Mike Szymanski | October 31, 2017



Weapons found on or near LA Unified school campuses increased by 2.7 percent last year, to 568. The number of rifles and shotguns more than doubled.

Those numbers for the 2016-17 school year were revealed last Tuesday at a special meeting of the school board to review the district’s policy of mandatory daily random searches with metal detectors at all secondary school campuses.

Principals have been instructed to increase the searches this year, after an internal report showed continuing failures in executing the searches and that schools still lack the proper equipment.

Meanwhile, civil rights groups and a coalition of groups that include the ACLU, charter schools and UTLA, the teachers union, have protested the practice, saying that it hampers education more than keeping students safe.

The data presented by School Police Chief Steve Zipperman showed that the number of rifles and shotguns found increased from three to eight last year, and the number of knives and daggers also increased, from 393 to 403. The number of handguns found decreased from 26 to 23.

Knives and daggers remain popular items found on students, according to Zipperman, who said, “In the past seven years, knives and daggers have averaged around 375 a year.”

Hardly any of the weapons were found through the mandatory searches — only a little more than 1 percent of the total — but Zipperman insisted to the board that the policy remains a deterrent for students.

“It is the same if you have a DUI checkpoint in the area, DUIs will go way down overall,” Zipperman said.

But the number of weapons found in LA Unified has not gone down. Instead, it has risen steadily in the three years of data that were presented, from 546 weapons found in 2014-15, to 553 in 2015-16, to 568 in 2016-17.

• Read more: How safe are LA’s schools? New interactive map compares what teachers and students are seeing

The school board is reviewing the policy on the random searches, which are carried out by teachers and administrators, not school police, but if weapons or drugs are found, then school police, or if necessary local police, may get involved.

“Every school board district has weapons being confiscated,” Zipperman said. “It’s happening all over.”

Board member Nick Melvoin’s District 4 on the west side, the most affluent of the local school districts, had the fewest number of weapons found last year (68), with Scott Schmerelson’s District 3 in the San Fernando Valley as the next fewest (132).

The most weapons found on and near campuses last year were in District 7, which stretches from South Los Angeles to San Pedro and is represented by Richard Vladovic (at 230 weapons), then District 2 in the Downtown and Boyle Heights area represented by Mónica García (172), followed closely by District 6 in the East San Fernando Valley represented by Kelly Gonez (171).

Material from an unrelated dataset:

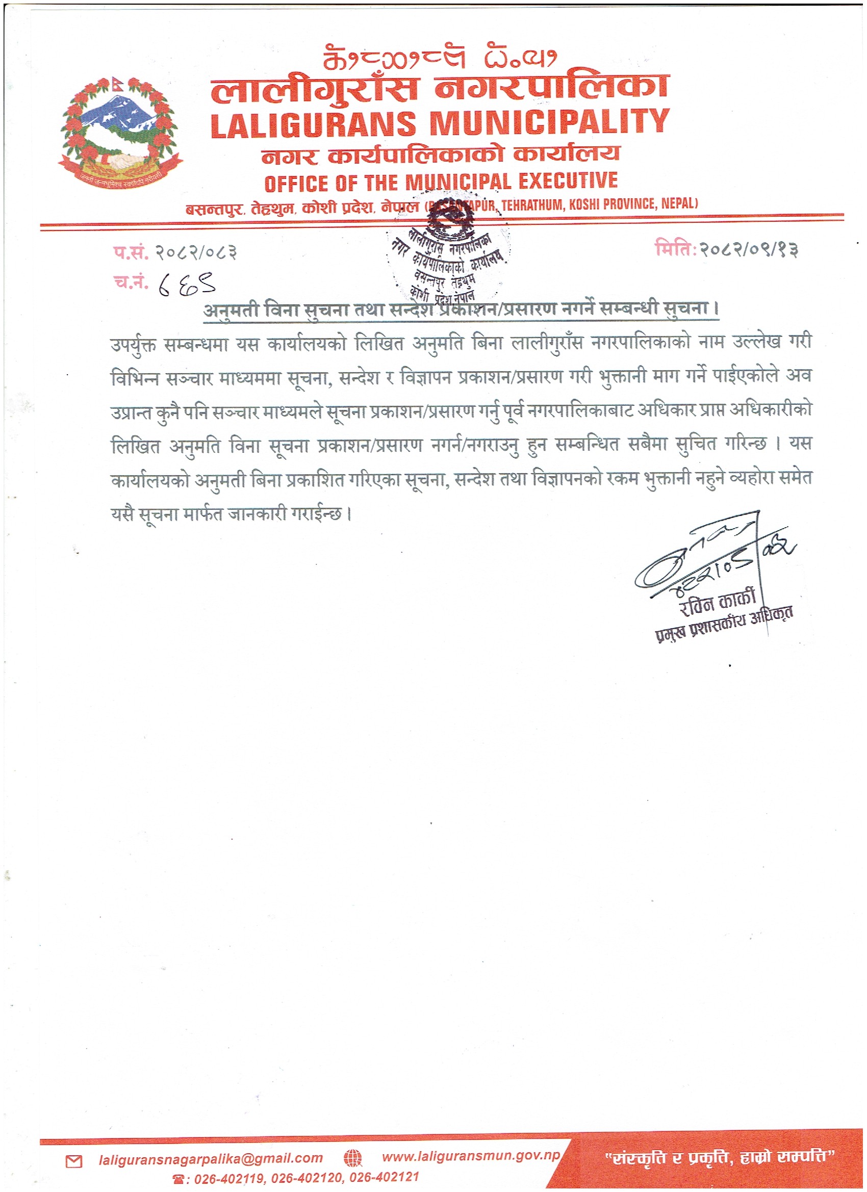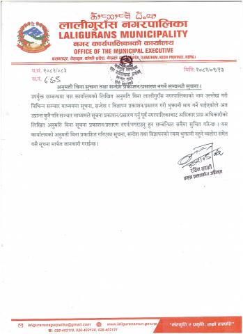 अनुमती विना सुचना तथा सन्देश प्रकाशन/प्रसारण नगर्ने सम्बन्धी सुचना ।

George McKenna’s District 1, which is predominantly downtown, had 143 weapons found, and Ref Rodriguez’s District 5 in East Los Angeles had 142 weapons found last school year.

“We do not believe that the 30,000 random searches justify the small percent of weapons actually found during these searches, and we are calling for a stop to them,” Amir Whitaker, a researcher at the UCLA Civil Rights Project, told the board members at the meeting. He conducted his team’s own report about the searches.

The school board is considering possible changes in the search policies, but until then, the daily searches remain in effect.